Monday, July 28, 2008

Picky, Picky, Picky!

I don’t know about the rest of you, but I’m already in August Mode, a frame of mind common among Washingtonians, New Yorkers and other pretentious pseudo-intellectuals of my ilk during which time unless, let's say, Obama is caught in fishnet stockings chasing a sumo wrestler or McCain is discovered to actually have spent the Viet Nam war in Canada making macramé bongs while his twin brother Skippy was the real POW, I simply don’t give a rat’s ass about politics. Save it for after Labor Day.

So I was surfing for non-political news earlier today at my usual haunts and ran across this story in Slate about amateur locksmithing.

This happens to be a topic about which I actually know a little something, albeit second-hand, because amateur locksmithing was the hobby of one of my oldest school friends, a fellow who shall remain unidentified despite the statutes of limitations having long since lapsed for his various youthful indiscretions.

Of which there were many. My friend, whom I’ll call here “Jimmy” after a fairly crude lock opening technique, became intrigued as a child with the inner workings of locks and keys and, more to the point, how to open the former without benefit of the latter. As skilled trades go, locksmithing is far more about brains than brawn and Jimmy has a logical mind and a meticulous temperament exactly suited to figuring out puzzles and therefore to picking locks.

By high school Jimmy had also managed to acquire a key cutting machine – don’t ask! – various tools of the trade including illegal lock picks and tension wrenches (more about which below), shims and so forth. He had also, um, ‘borrowed’ locks from schools, churches and other public and semi-public places, dismantling them and discovering in the process how to make master keys to those entire buildings or building complexes.

I hasten to point out that Jimmy had no larcenous intentions in any of this. He simply viewed a locked door or a lock of any sort as a challenge. The fun was all in figuring out how to thwart the lock owner’s desire to keep him out, not in actually entering where he wasn’t wanted. It was, in short, simply a game.

Okay, so every once in a while there were more, um, practical applications of this skill. In the late 1960s, when the suburban youth of America (1) had just discovered the pleasures of marijuana but (2) were convinced that there were millions of ‘narcs” lurking just about everywhere, having a key that could stop the elevator between floors in a local apartment building (not ours!) long enough to smoke a joint and then wait for the ceiling exhaust fan to remove the tell-tale scent before turning the elevator back on was the perfect solution to our privacy problem. Keys to the padlocked chains barring vehicular entry into public parks where a young couple might go parking at night similarly proved handy.

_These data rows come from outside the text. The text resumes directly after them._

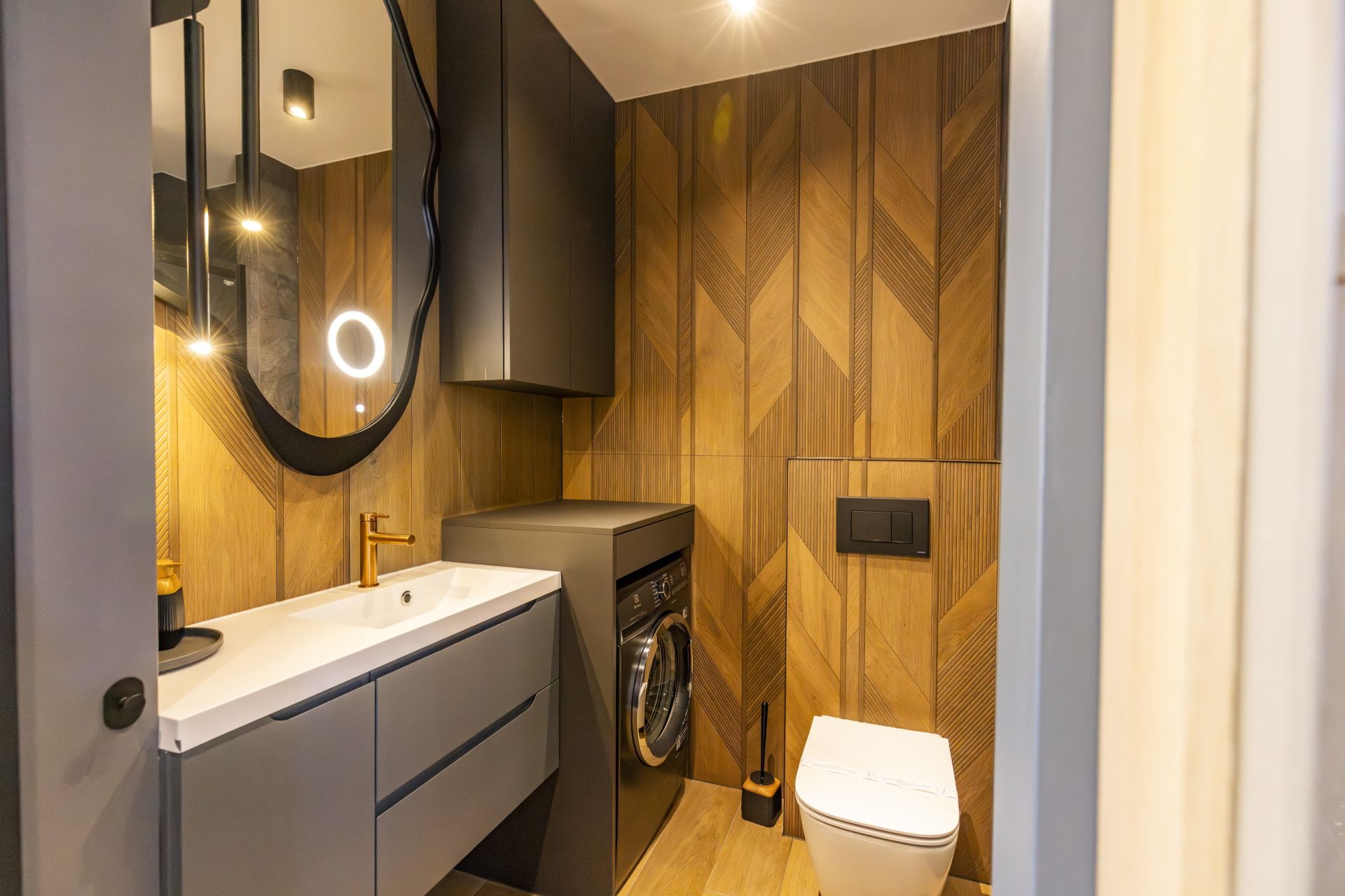 - Elegancka łazienka została wzbogacona o saunę, tworząc domową strefę SPA. To idealne miejsce na regenerację ciała i umysłu po dniu pełnym wrażeń — chwila ciepła i relaksu, która dopełnia komfort całego apartamentu.
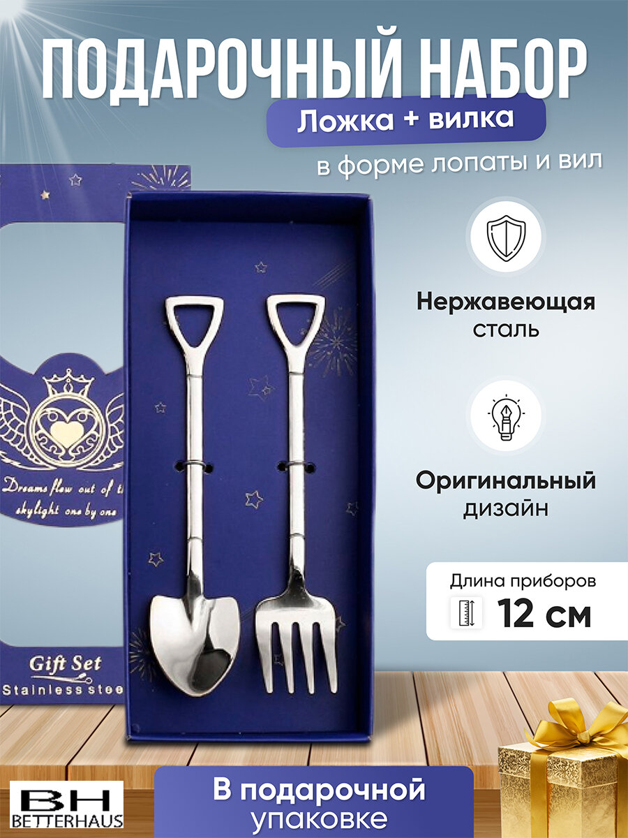 Набор столовых сувенирных приборов BETTERHAUS "Лопаты и Вилы", нержавеющая сталь, посеребренные, 2 шт
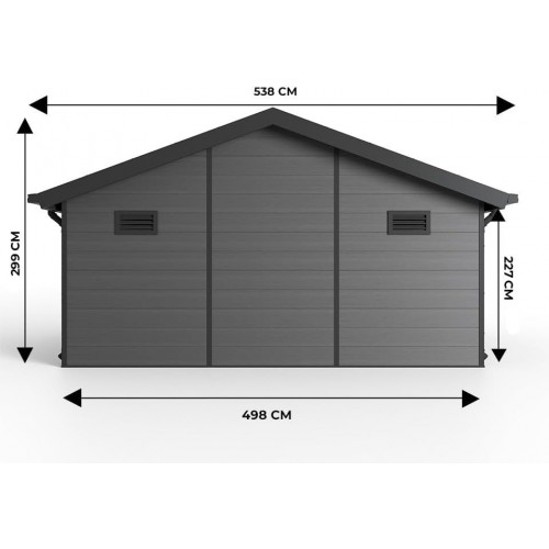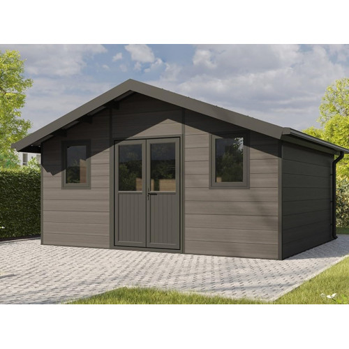 Caseta de jardín de Material Compuesto ISORA - 20m² - Gris - Grosor de Pared: 28 mm - Ampliación - Caseta de jardín - Local - Doble acristalamiento
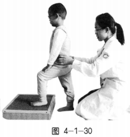 孩子直立位,治疗师双手控制其髋部,将其身体重心向一侧下肢偏移,引导孩子另一下肢抬起屈髋屈膝,将脚掌踩在台阶上,用相同的方法左右交替训练(图4-1-30)

Of course, that was all many, many years ago and my friend Jimmy is now a respected member of one of the learned professions and a disquietingly conservative pillar of his community. My guess is that he doesn’t even smoke pot anymore, let alone take young girls parking.

Woolgathering about my salad days (“Block that mixed metaphor!”) aside, the thing about this amateur locksmithing business is that its opposition is such a classic case of vested interests trying to protect their once largely unchallenged turf and trotting out all the usual and typically disingenuous “public interest” arguments in the process.

Case in point: I could be charged in many jurisdictions with possession of burglary tool over the fact that I have, courtesy of Jimmy, a small lock picking kit I’ve used on countless occasions when I or a friend lost or misplaced a key. At least the way the law used to be written, unless you were a bonded locksmith, such mere possession was sufficient grounds for conviction of a misdemeanor. After all, if you weren’t a real locksmith, what on earth could you possibly want with such implements except to commit a crime? Right?

[Insert “possession of rape equipment” joke here.]

I wasn’t aware that amateur locksmithing was so popular a hobby as the Slate article suggests, but I’m glad to hear it. Truth be told, I misplaced my old pick set a few years ago. Hey, maybe I can just order one online these days! To be sure, there are legitimate arguments in favor of keeping some sorts of information confidential. But knowing how to open a pin-tumbler lock, even a Medeco lock, without having to use bolt cutters hardly rises to the level of legitimate state secret. And as the enthusiasts correctly point out, the first step in building a better mousetrap lies in finding out the weaknesses in the old model. That’s what we call progress.